Author Carsten Thomsen includes step-by-step coverage of everything you ever wanted to know about ADO.NET. Thomsen also covers relational databases, Active Directory (LDAP) access, and MessageQueue.
MESSAGE QUEUES ARE GREAT whenever you don’t have a permanent connection or in loosely coupled situations. They’re also handy when you simply want to dump your input and return to your application without waiting for the output from whatever application or server will be processing your input. You can make message queues the basis of a fail-safe application that uses them whenever your regular database fails. This can help ensure that no data is lost and you have very little or no downtime at all, if you use transactional queues. Obviously not all applications can use message queues to such advantage, but for storing or accepting customer input it can be a great solution. One situation springs to mind in which using message queues would not be beneficial and that is a banking transaction that needs to be processed in real-time.

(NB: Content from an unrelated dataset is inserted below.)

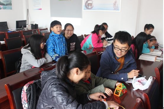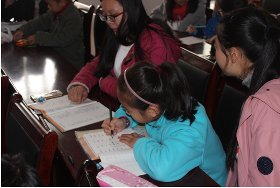 骤然下降的气温也阻挡不了志愿者们坚持活动,他们用自己的爱心给孩子们带来了深秋的温暖。面对初来乍到的志愿者,孩子们起初有些陌生,眼神中流露着害羞与懵懂,但很快又能打成一片。有些孩子年纪还小,刚上幼儿园,志愿者就用游戏的方式一边指着身边的物件一边教着他们一些单词,像是“yellow”、“blue”等等;而在面对大一点的孩子时,又可以带着他们温习功课----一周以来老师教授的内容,或是默一些单词,进行简单的对话。最后,大家又聚在一起观看电影,小朋友们看得聚精会神,“大朋友们”似乎也找回了自己的童年,沉浸其中。一个下午的时间过得飞快,很快又到了说再见的时间,志愿者们和孩子们依依不舍地告别,相约下周再见。

Microsoft’s messaging technology is called Message Queuing. Mind you, in line with other traditional Microsoft marketing stunts, this technology has had other names before Windows 2000 was shipped. However, the release that ships with Windows 2000 is built upon a previous version of the technology and includes the Active Directory (AD) integration. AD integration is good because it is now easier to locate public message queues across your domain and it ensures easy Enterprise-wide backup.